Activity :: Write out, word for word and with no pictures, each line below from the one containing "According to Boiler" through the one containing "120 救护车,另一边防止高速上堵车,安排警车开道。不久 120", both included, and no other line.

Input for this task ::
·····
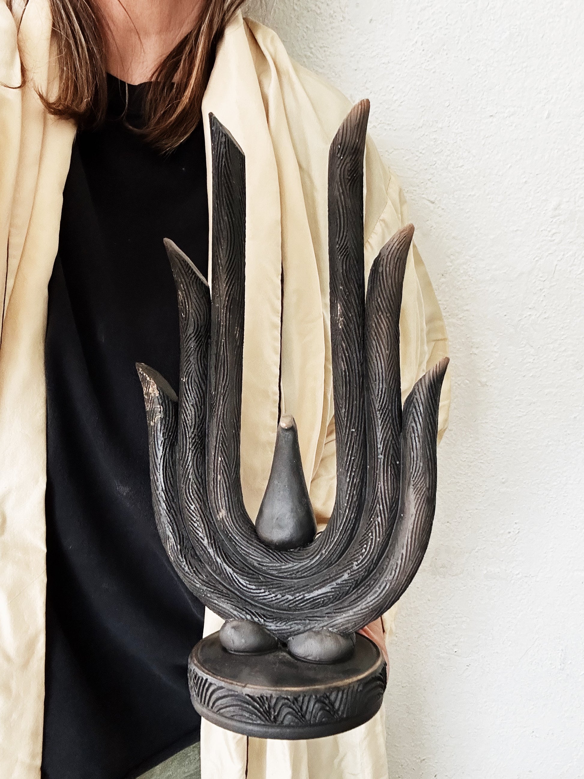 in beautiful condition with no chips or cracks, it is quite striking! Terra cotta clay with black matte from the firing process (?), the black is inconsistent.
·····
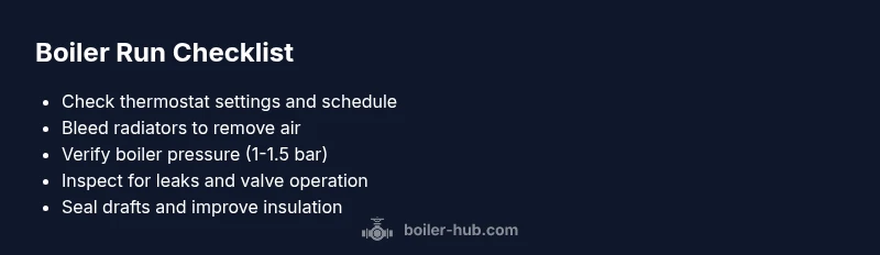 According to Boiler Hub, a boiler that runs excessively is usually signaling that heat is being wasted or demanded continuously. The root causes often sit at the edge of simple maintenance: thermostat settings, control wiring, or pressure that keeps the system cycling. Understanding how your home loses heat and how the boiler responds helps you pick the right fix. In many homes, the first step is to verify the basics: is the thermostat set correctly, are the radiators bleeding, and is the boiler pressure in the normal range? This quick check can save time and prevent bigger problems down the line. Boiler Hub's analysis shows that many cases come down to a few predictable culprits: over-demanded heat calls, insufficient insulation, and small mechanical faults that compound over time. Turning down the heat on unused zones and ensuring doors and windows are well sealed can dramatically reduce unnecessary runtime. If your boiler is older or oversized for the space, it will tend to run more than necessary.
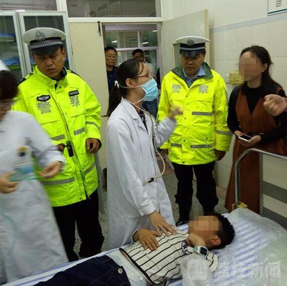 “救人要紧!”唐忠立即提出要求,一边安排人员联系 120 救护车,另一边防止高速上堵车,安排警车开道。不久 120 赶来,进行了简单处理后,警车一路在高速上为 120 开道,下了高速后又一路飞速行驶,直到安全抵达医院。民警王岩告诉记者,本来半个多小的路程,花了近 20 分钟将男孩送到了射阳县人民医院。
·····
Answer below ::
 According to Boiler Hub, a boiler that runs excessively is usually signaling that heat is being wasted or demanded continuously. The root causes often sit at the edge of simple maintenance: thermostat settings, control wiring, or pressure that keeps the system cycling. Understanding how your home loses heat and how the boiler responds helps you pick the right fix. In many homes, the first step is to verify the basics: is the thermostat set correctly, are the radiators bleeding, and is the boiler pressure in the normal range? This quick check can save time and prevent bigger problems down the line. Boiler Hub's analysis shows that many cases come down to a few predictable culprits: over-demanded heat calls, insufficient insulation, and small mechanical faults that compound over time. Turning down the heat on unused zones and ensuring doors and windows are well sealed can dramatically reduce unnecessary runtime. If your boiler is older or oversized for the space, it will tend to run more than necessary.
 “救人要紧!”唐忠立即提出要求,一边安排人员联系 120 救护车,另一边防止高速上堵车,安排警车开道。不久 120 赶来,进行了简单处理后,警车一路在高速上为 120 开道,下了高速后又一路飞速行驶,直到安全抵达医院。民警王岩告诉记者,本来半个多小的路程,花了近 20 分钟将男孩送到了射阳县人民医院。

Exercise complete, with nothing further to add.